But then The Celebrity Traitors did something really smart. Very early on it asked the traitors to murder a faithful in clear sight, by touching them on the face. While the other two demurred, Carr stepped up, sealing the fate of Paloma Faith for good by wiping an invisible hair off her cheek. The fact that he killed so early – and that his victim was one of his closest friends, no less – emboldened him beyond words. Before long, he took on the mantle of traitor ringleader, impatient to off as many people as he could.

Viewed in the clear light of day, this is monstrous behaviour. From one angle, the story of Alan Carr is the story of a man who was given a tiny amount of power then went wild with bloodlust. It’s a pantomime retelling of the Stanford Prison Experiment.

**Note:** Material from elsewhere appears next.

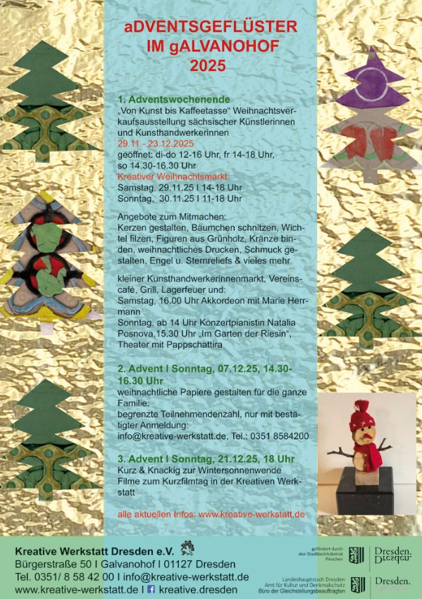 Aktuelle Ausstellungen und Veranstaltungen der Kreativen Werkstatt Dresden e.V.

But the thing that made Carr such an incredible traitor is that he managed to temper all this with an entire bucket of charm.
The prevailing theory among the faithfuls this year was that of the Big Dog; in essence, that if a show has the pulling power to book people as famous as Jonathan Ross and Stephen Fry, then it would be logical to assume that they would be traitors. The Big Dog Theory did for both Ross (correctly) and Fry (incorrectly) in time, while Carr avoided scrutiny altogether. This is because very little about him is outwardly aggressive. While everyone was hunting the Big Dogs, Carr was utilising the Little Puppy Theory, and winning in spades.
But let’s have a little perspective here. Carr didn’t win just because he was a good traitor. He also won because the faithfuls were collectively the most inept group of people ever to grace a television screen. This was a game with three traitors, and it took the faithfuls seven episodes to even find one. Statistically, they would have done a better job by writing everyone’s name on some sticky notes, then playing Pin the Tail on the Donkey.
Stories will be told about exactly how useless the faithfuls were this year, about how Kate Garraway and David Olusoga evaporated all the authority they’d built up over decades in the business by pursuing the stupidest line of inquiry at every turn. These are people who failed to catch Carr, even when he failed to say the words “I am a faithful” without dissolving into nervous giggles. They are fools, one and all.
So Alan Carr was always going to win The Celebrity Traitors. But he did so with such joy, such total effervescence, that he deserves to go down in history. Good luck topping that next year.